The International Monetary Fund on Monday slashed its forecast for the United States and urged policymakers to keep interest rates low and raise the minimum wage to strengthen growth in the world's largest economy.
The global crisis lender said in its annual report card on the US economy that the country will likely grow only 2.0 percent this year, compared with the previous 2.8 percent estimate, blaming mainly the unexpected contraction in the first quarter.
It said growth is likely to rebound to 3.0 percent next year, but to ensure that, the government should take measures like increasing the minimum wage and embarking on a strong infrastructure-building program.
Moreover, the US Federal Reserve should not expect the economy to get back to full employment before the end of 2017, and that it could afford to hold its key interest rate at the zero level past the middle of next year, when the Fed has signaled it expects to raise the rate.
"The scars of recession are still visible," IMF managing director Christine Lagarde warned.
She cited still-high long-term unemployment, low labor-force participation, and the fact that some 50 million Americans still live in poverty.
"There is no single measure that is going to deal with all those issues," she said.

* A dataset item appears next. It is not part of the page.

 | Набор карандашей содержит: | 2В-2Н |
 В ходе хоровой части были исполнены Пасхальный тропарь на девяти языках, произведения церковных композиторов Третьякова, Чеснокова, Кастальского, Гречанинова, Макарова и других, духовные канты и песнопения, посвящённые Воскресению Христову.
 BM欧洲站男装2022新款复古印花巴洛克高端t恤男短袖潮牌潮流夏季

"The US should invest in its future... The priority is to invest in people and to invest in infrastructure."
The IMF report said that the US labor market remains significantly weaker than is implied by the headline 6.3 percent unemployment rate.
It pointed to stagnant wages and the low workforce participation rate, now 62.8 percent compared to more than 66 percent before the 2008 economic crisis.

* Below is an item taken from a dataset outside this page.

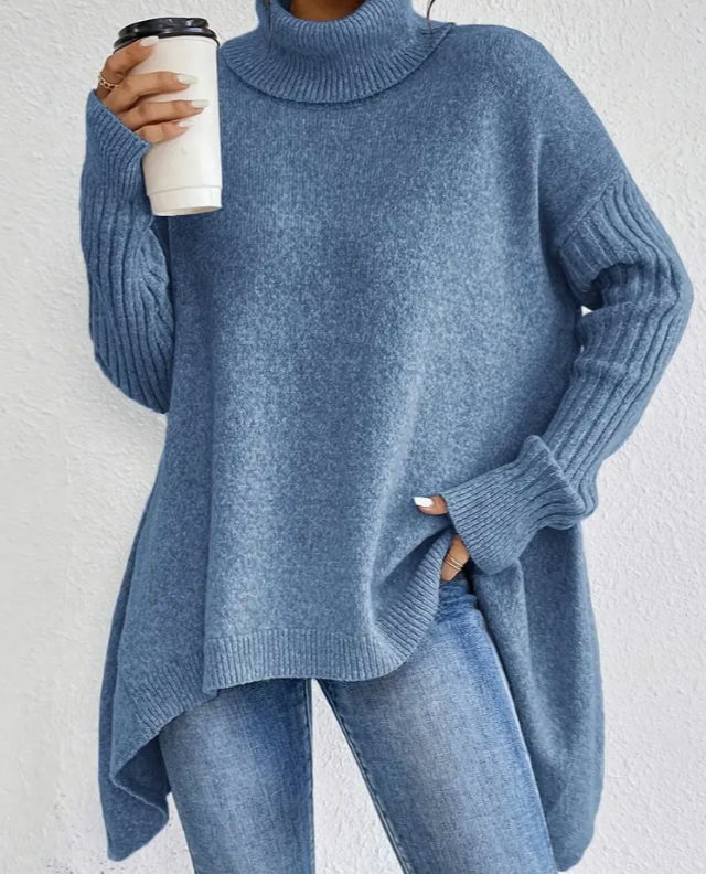 Damen Freizeit Rollkragen Asymmetrischer Saum Langarm Pullover in Uni Strick Polyester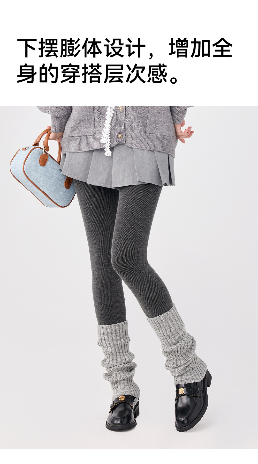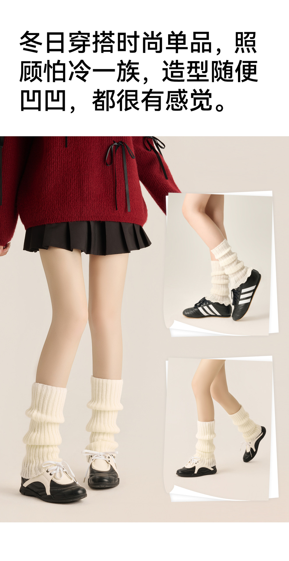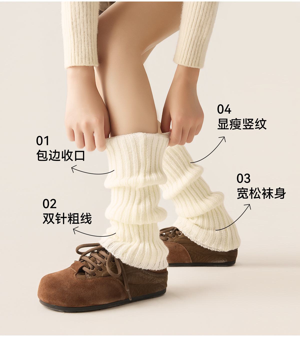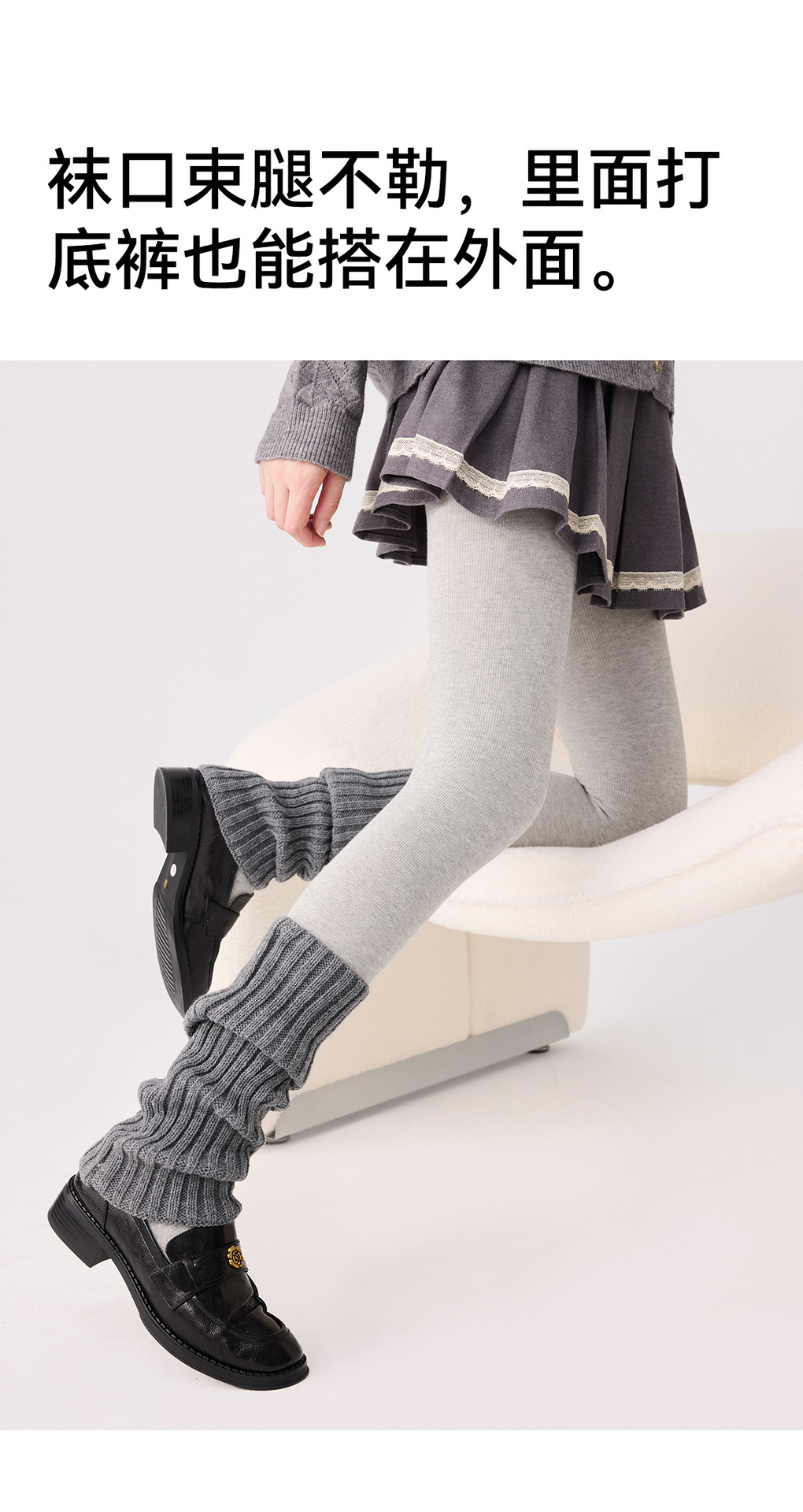 白色袜套秋冬百搭针织堆堆袜腿套冬季保暖加厚灰色堆堆袜针织袜套

The IMF said the US government could afford to take short-term measures to strengthen growth and jobs, despite the ongoing large fiscal deficit and huge government debt burden.
But it said that warring political parties need to come up with a medium-term plan for addressing those problems, one that includes revising the tax structure to raise revenues, cutting the growth of health care costs, and fundamentally reforming the government's social security pension program.

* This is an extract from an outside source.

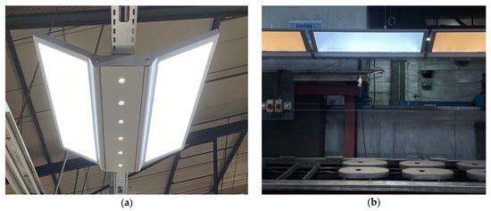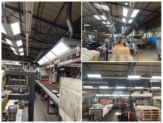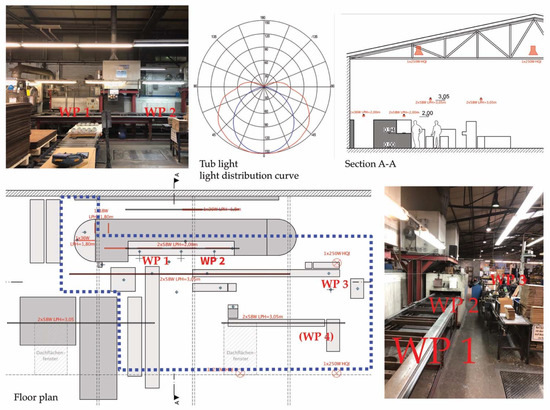 The project was realized on site in an industrial production facility belonging to RHI Magnesita AG, located in Marktredwitz, Germany. The relevant workspace is an open area of about 130 m2, called the finish line, inside a large industrial hangar. The workspace’s floor plan, sections, and pictures are shown in Figure 1. Except for a small number of ventilation skylights, there is no daylight available at the workspace (see below for a more quantitative evaluation of daylight availability). The finish line is the last production step for high-temperature oven components before shipping. Workers set the products on a conveyor belt that takes the components through an automated sanding process. The products must then be visually checked for cracks, flaking, and other imperfections. After quality control, the components are packaged in crates for shipping in a different area of the same workspace.

"Given the substantial economic slack in the economy, there is a strong case to provide continued policy support," the Fund said.
- Political battle -
It said more government efforts to boost growth short term would allow the Federal Reserve to more comfortably exit its easy-money stance and cut the risks that stance poses to global financial stability.
At the same time, the IMF said that "regrettably," US politicians have been unable to agree on such an approach.
Stepping into a hot domestic political battle, the IMF took the side of the administration of President Barack Obama in advocating a rise in the minimum wage.
It noted that, in real terms, wages have fallen significantly over the past four decades, an issue which economists say locks many Americans in poverty.
The Fund said that nearly 50 million Americans still live in poverty, and that the principal way government policy could help would be to return to stronger growth and job creation.
But it added that increasing the minimum wage from the current federal government standard of $7.25 an hour "would help raise incomes for millions of working poor."
"Any increase of that minimum wage would be helpful from an economic point of view," said Lagarde.